Giant Viruses Blur The Line Between Alive and Not (PBS Eons). A massive virus (so, not living) that might have evolved from a living organization (not a virus). Are you uncomfortable yet…? 10 minutes.
the demise of academia
the postdoc exodus (Dr. Angela Collier). People living in cars and getting married so that they can do research. Even after getting their PhDs. This system seems great…! 37 minutes.
Is Academia a Ponzi Scheme? (Worthless Professor). The structure of academia legitimately seems like hazing to me. 5 minutes.
your personal statement sucks (Dr. Angela Collier). If you’re applying to graduate school, the one thing you should know for certain is that your personal statement sucks. (32 minutes)
general
The Best Science Hoaxes, Spoofs, and Nerd Jokes (Sabine Hossenfelder). Including such hits as the dead salmon that neuroscientists said was dreaming; a jello that is alive per EEG; and a woman who reinvented integration (well, the trapezoid rule – worse still) and named it after herself in a peer-reviewed journal.
by medium
youtube
creators (philosophy, sociology, culture)
Professor Flowers. Amazing content on race and politics. A selected favorite: On Black Nationalism.
Philosophy Tube. One of the staple accounts providing accessible, well-done, entertaining leftist education. A selected favorite is Ancient Therapy for Modern Problems: Stoic Philosophy Explained.
ContraPoints. Another stable leftist education account. Incredible acting and theater similar to Philosophy Tube. Truly, I don’t know how they do it. A selected favorite is her commentary “Transtrenders”.
creators (science [with commentary])
BobbyBroccoli. I think this is my single favorite YouTube channel. Absolutely stunning design. These videos are just sitting on YouTube but might as well be considered documentaries. Super interdisciplinary.

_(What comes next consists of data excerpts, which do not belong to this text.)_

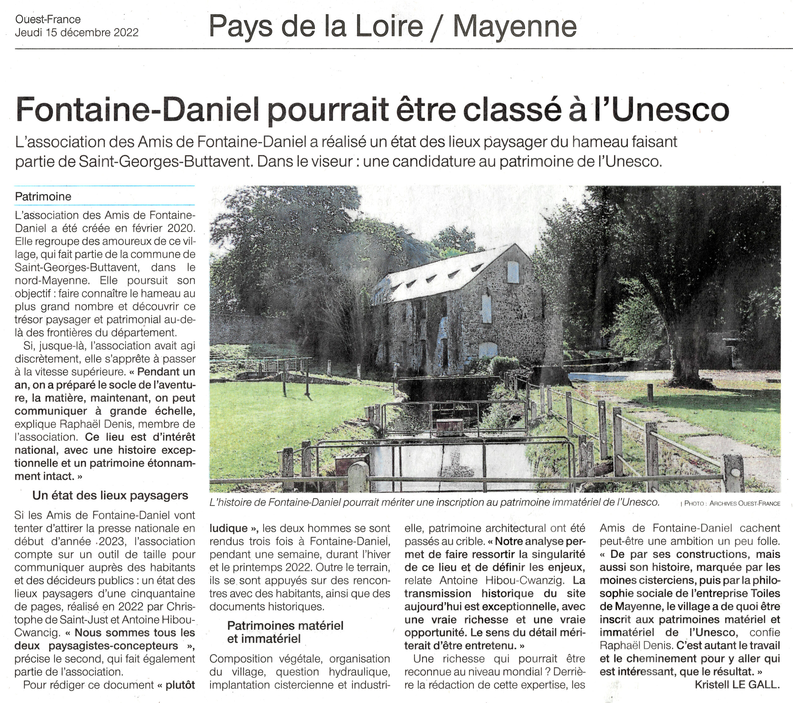 En 2022, l’association Amis de Fontaine-Daniel a demandé à Christophe de Saint-Just et Antoine Hibou Cwancig, paysagistes-concepteurs, de dresser un état des lieux, précis, des paysages préservés de Fontaine-Daniel.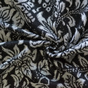 Viskozna jedinstvena žakard tkanina sa srebrnim lureksom, idealna je za jesenje i zimske dane. Odlikuje je reljefasta tekstura i mekoća. Takođe je prijatna na dodir, pa je pogodna za haljine, kardigane, jakne, suknje, tunike… Potpuno je neprozirna, pa samim tim nema potrebe za postavljanjem.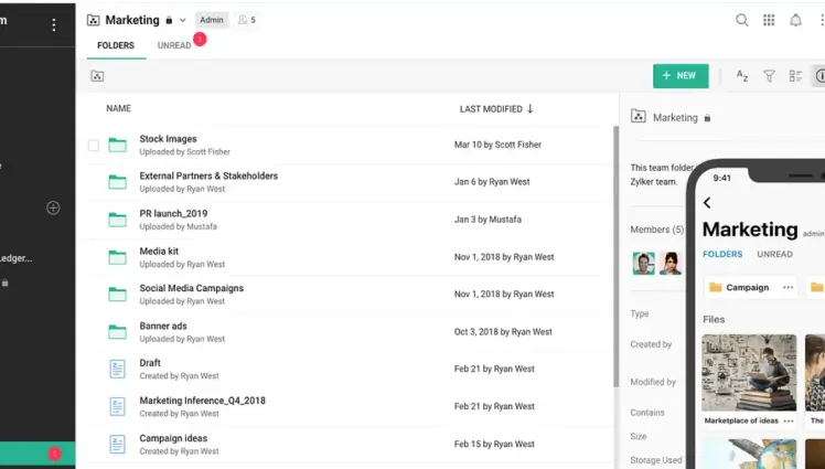 With Zoho WorkDrive, your team gets a secure online file management platform built for seamless collaboration. It provides a shared digital workspace where teams can store, organize, and manage documents efficiently while keeping everything structured and easy to find.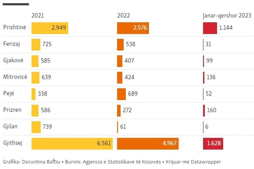 Çmimi për blerje të banesave, ndërkaq, nis nga 1.000 euro për metër katror deri në mbi 2.200 euro. Më së shtrenjti, ato janë në Prishtinë dhe në Prizren.
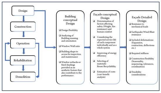 - Moghtadernejad, S.; Mirza, M.S.; Chouinard, L.E. Façade design stages: Issues and considerations. J. Archit. Eng. 2019, 25, 04018033. [Google Scholar] [CrossRef]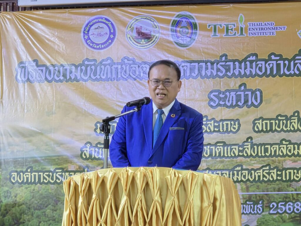 สถาบันสิ่งแวดล้อมไทย หรือ TEI ลงนามบันทึกข้อตกลงความร่วมมือกับ มหาวิทยาลัยราชภัฏศรีสะเกษ สำนักงานทรัพยากรธรรมชาติและสิ่งแวดล้อม จังหวัดศรีสะเกษ องค์การบริหารจังหวัดศรีสะเกษ เทศบาลเมืองศรีสะเกษ และบริษัทไมโครกรีนเทค จำกัด ในการดำเนินโครงการ “การพัฒนาสิ่งแวดล้อม สู่การเป็นมหาวิทยาลัยสีเขียวที่ดีอย่างยั่งยืน และการจัดการขยะโรงอาหารด้วยนวัตกรรมเพื่อสิ่งแวดล้อม (Zero waste Canteen)

Dr. Fatima. She recently finished her PhD in astrophysics but has a greater passion for fixing inequity in STEM. Also very interdisciplinary.
acollierastro (Dr. Angela Collier). Incredible videos on physics and related culture.
selected video essays not already listed
Gell-Mann Amnesia and Michio Kaku (Dr. Angela Collier).
why does mainstream feminism support the prison system? (oliSUNvia).
Byung-Chul Han: Psychopolitics and The Burnout Society (Epoch Philosophy).
Jordan Peterson vs. Deleuze & Guattari: Lobster God (PlasticPills).
Introduction to Wittgenstein (His Later Philosophy) (Why Alexander Y).
Vaccines and Autism: A Measured Response (hbomberguy). I already knew a lot about the “vaccines cause autism” affair, but I still learned from this video. Incredible, must-watch.